Cette interrogation trouve aujourd'hui une première réponse, alors que les dirigeants européens s'apprêtent à officialiser, ce jeudi 4 septembre, un engagement collectif auprès de Kiev, à l'issue d'un échange en visioconférence entre Volodymyr Zelensky et ses partenaires, réuni depuis l'Élysée.
La veille, Emmanuel Macron avait déjà donné le ton en recevant le président ukrainien à Paris. Le président français a réaffirmé la détermination des membres de la " coalition des volontaires " regroupant une trentaine de nations, principalement européennes à endosser, le moment venu, des garanties de sécurité au profit de l'Ukraine et de son peuple, une fois un accord de paix signé.
" Le travail de préparation est achevé, nous sommes prêts à une paix robuste et durable ", a-t-il martelé, tout en posant la question de la sincérité de Moscou dans ses offres de cessez-le-feu adressées aux Américains.
Zelensky, pour sa part, s'est montré beaucoup moins enclin à l'optimisme, constatant l'absence de tout signe tangible de bonne foi du côté russe. Le Kremlin, de son côté, s'est empressé de dénoncer ces perspectives, jugeant que les garanties recherchées par Kiev constitueraient en réalité une menace pour l'équilibre du continent européen.
Une architecture de sécurité en construction
Mais quelles sont ces garanties ? La première, qui fait consensus parmi les alliés de Kiev, consiste à assurer la consolidation durable des forces armées ukrainiennes, à travers un soutien matériel, logistique et financier. Il s'agit de garantir, dans la durée, la capacité de l'Ukraine à défendre son intégrité et à dissuader toute velléité de réinvasion.
La seconde, beaucoup plus délicate, serait l'envoi de contingents européens sur le sol ukrainien. La France, notamment, n'a pas exclu une telle hypothèse, qui se traduirait par le déploiement de quelques milliers d'hommes. Il ne serait nullement question de troupes en première ligne, mais plutôt de missions d'appui, de formation ou de déminage, positionnées loin du front. Leur valeur résiderait avant tout dans leur portée symbolique : car si Moscou venait à relancer les hostilités en présence de soldats européens, cela équivaudrait à une déclaration de guerre directe contre l'Europe.
Ce scénario demeure cependant semé d'embûches. Certains partenaires, tels que l'Italie, y sont fermement opposés, et la prudence reste de mise pour ne pas fermer prématurément la porte à d'éventuelles négociations avec la Russie. Le Kremlin, d'ailleurs, a déjà fait savoir son hostilité à toute présence militaire occidentale sur le sol ukrainien.
Le rôle cardinal de Washington
À ces deux volets s'ajoute une troisième dimension, jugée essentielle par Paris comme par d'autres capitales : l'apport d'un " filet de sécurité " américain.

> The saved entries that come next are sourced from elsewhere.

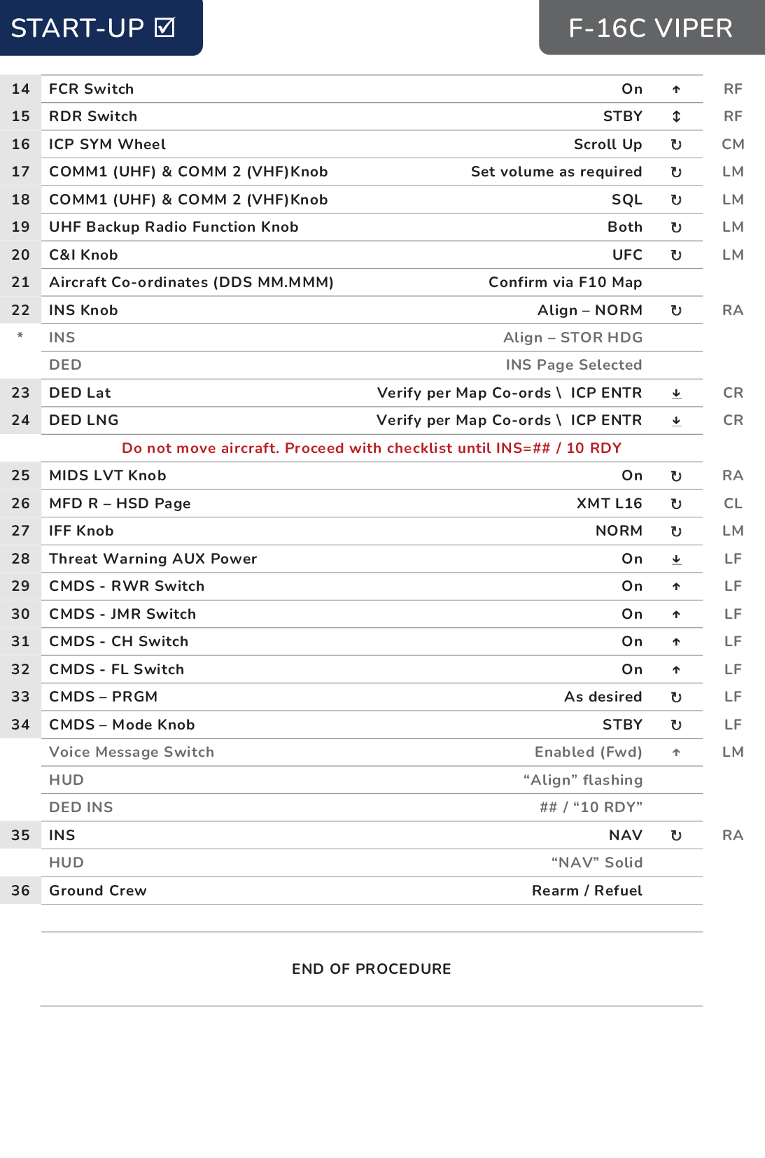 F16 Fast Cold Startup Kneeboard with Screenshots
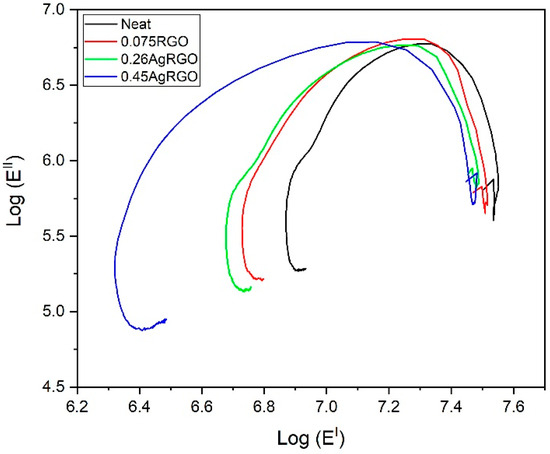 The Cole-Cole graph (Figure 8) was used to analyze the distribution of the RGO and AgRGO coating materials within the carbon fiber composite, as well as the homogeneity of the composite system, by plotting the loss modulus (E″) and storage modulus (E′) on a logarithmic scale. The shapes of the curves in the Cole-Cole graph can be used to determine whether the system is homogeneous or heterogeneous. In other words, a homogeneous system with good epoxy-CF adhesion exhibits semicircular, smooth curves, while a defective or irregular shape represents a two-phase heterogeneous system [30]. As can be seen from the Cole-Cole curves, the RGO and AgRGO-coated CF composites are generally semi-circular in shape. The deviation from symmetry and broadening of this curve might be attributed to either the aggregation or the inadequate dispersion of the 0.45 AgRGO coating filler on the carbon fiber. The micrograph of the 0.45 AgRGO/CF sample shown in Figure 3h and Figure 4 also confirms this situation, as AgRGO filler material has gathered in some areas of the carbon fibers. Similar situations were reported in our previous work with Cole-Cole curves when the amount of GNP increased from 0.25 wt.% to 1.25 wt.% [20], and unmodified RGO [6] was introduced to the epoxy resin.
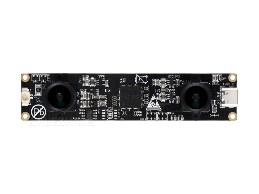 1. Waveshare OS02G10 2MP Stereo USB Camera Module, OS02G10 Sensor Chip, USB2.0 Port, Synchronized Same-frame Output, 62mm Baseline, 210.75

Cette garantie consisterait en un appui logistique, en un partage renforcé de renseignements stratégiques, ou encore en une coopération accrue dans le domaine des communications. En somme, il s'agirait d'un gage de solidité transatlantique sans lequel l'engagement européen manquerait de colonne vertébrale.
C'est pourquoi Emmanuel Macron devait s'entretenir, ce jeudi après-midi, avec Donald Trump, entre la réunion de la coalition le matin et la conférence de presse prévue à l'issue des travaux. Le président américain, qui s'entretiendra également avec son homologue ukrainien dans la journée, sera appelé à clarifier l'étendue du soutien des États-Unis à ce nouvel édifice de sécurité en gestation.

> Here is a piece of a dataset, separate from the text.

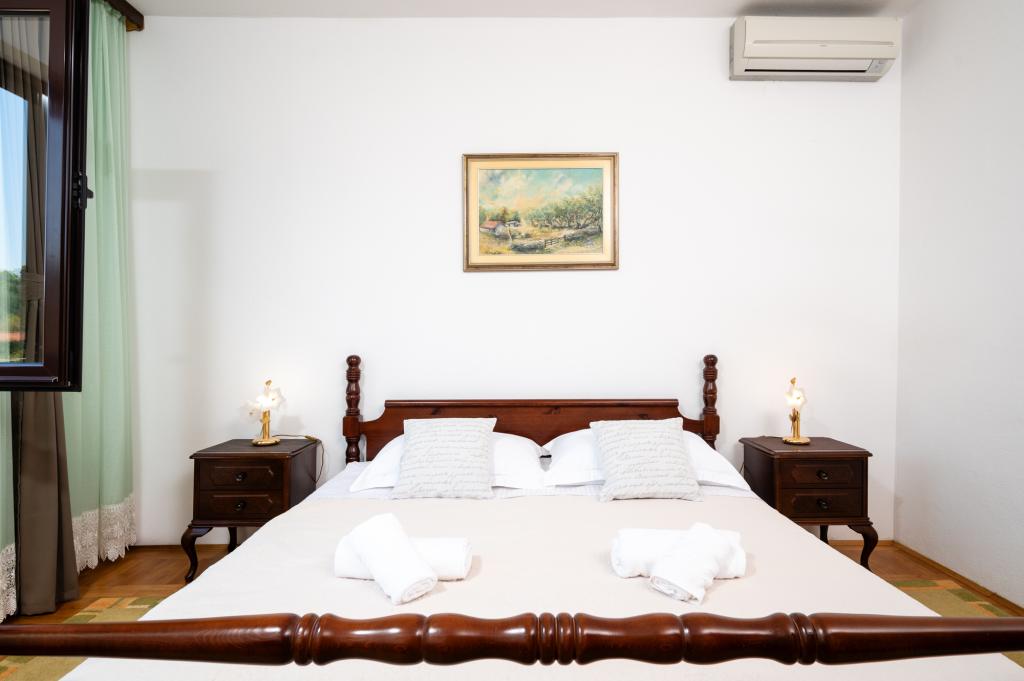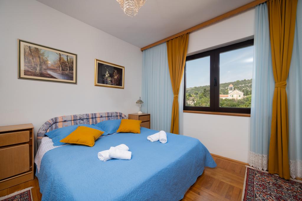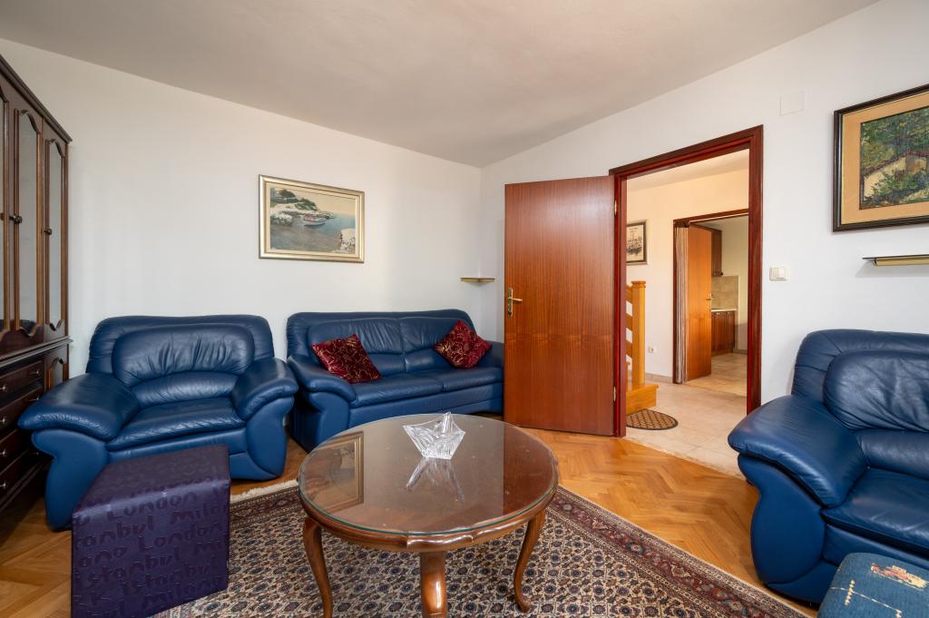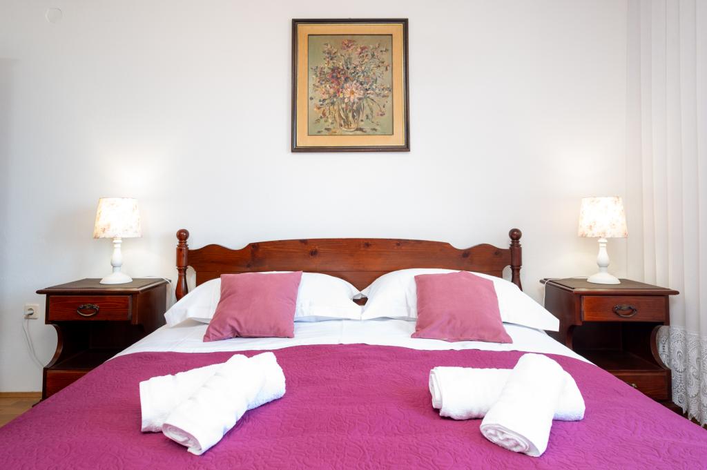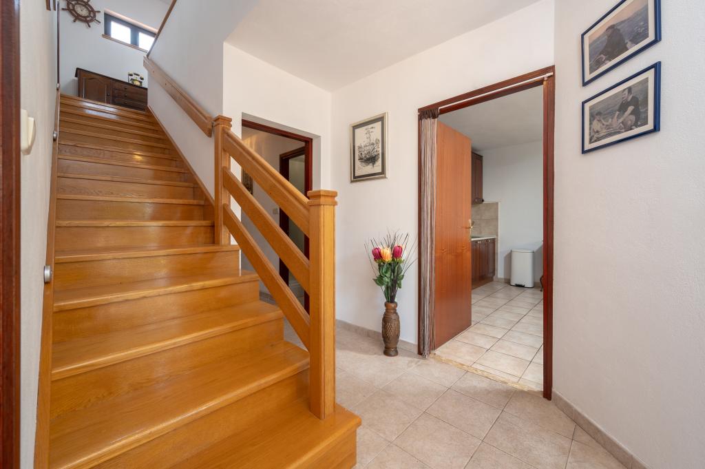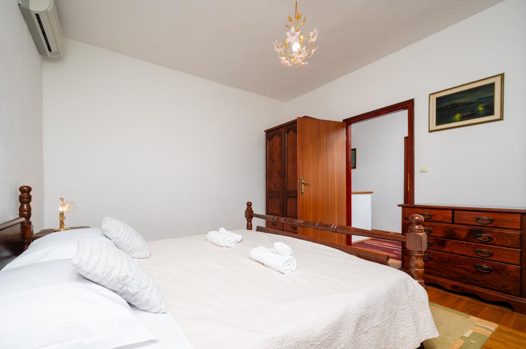 Dom wakacyjny Ines położony jest w sercu malowniczego miasteczka Drvenik Veliki – spokojnej wyspy w pobliżu Trogiru i lotniska w Splicie, z którymi łączy go regularna linia promowa. Ten urokliwy dom oferuje pełen spokój i prywatność dzięki wysokim murom, które go otaczają, a z ogrodu roztacza się piękny widok na zatokę. To idealne miejsce dla każdego, kto szuka ucieczki od codzienności i pragnie cieszyć się ciszą, słońcem i morską bryzą. Przestronny ogród sprzyja relaksu i odprężeniu – idealne miejsce na poranną kawę, popołudniowe opalanie lub wieczorne spotkania towarzyskie pod gwiazdami. Najbliższa, betonowa plaża znajduje się tuż obok domu, a naturalne piękno, takie jak słynna „Błękitna Laguna”, można odkrywać po wytyczonych drogach, idealnych do jazdy rowerem lub samochodem. Wyspa Drvenik Veliki emanuje autentyczną śródziemnomorską atmosferą, czystym powietrzem i dziewiczą przyrodą, bez tłumów i stresu – idealne miejsce na regenerację sił.

Une étape décisive mais fragile
Au fond, l'Europe se trouve à un carrefour. D'un côté, elle affiche sa volonté de bâtir, aux côtés de Kiev, un dispositif de sécurité pérenne, qui permette d'ancrer l'Ukraine dans une paix consolidée. De l'autre, elle avance avec prudence pour ne pas précipiter un affrontement direct avec Moscou. Entre ambition et prudence, volontarisme et calcul stratégique, le chemin s'annonce étroit.
L'histoire retiendra sans doute ce moment comme l'un des premiers jalons d'une réinvention de la sécurité européenne. Mais il reste à savoir si ces garanties, aussi ambitieuses soient-elles, pourront réellement se transformer en rempart contre la brutalité des faits accomplis par la Russie.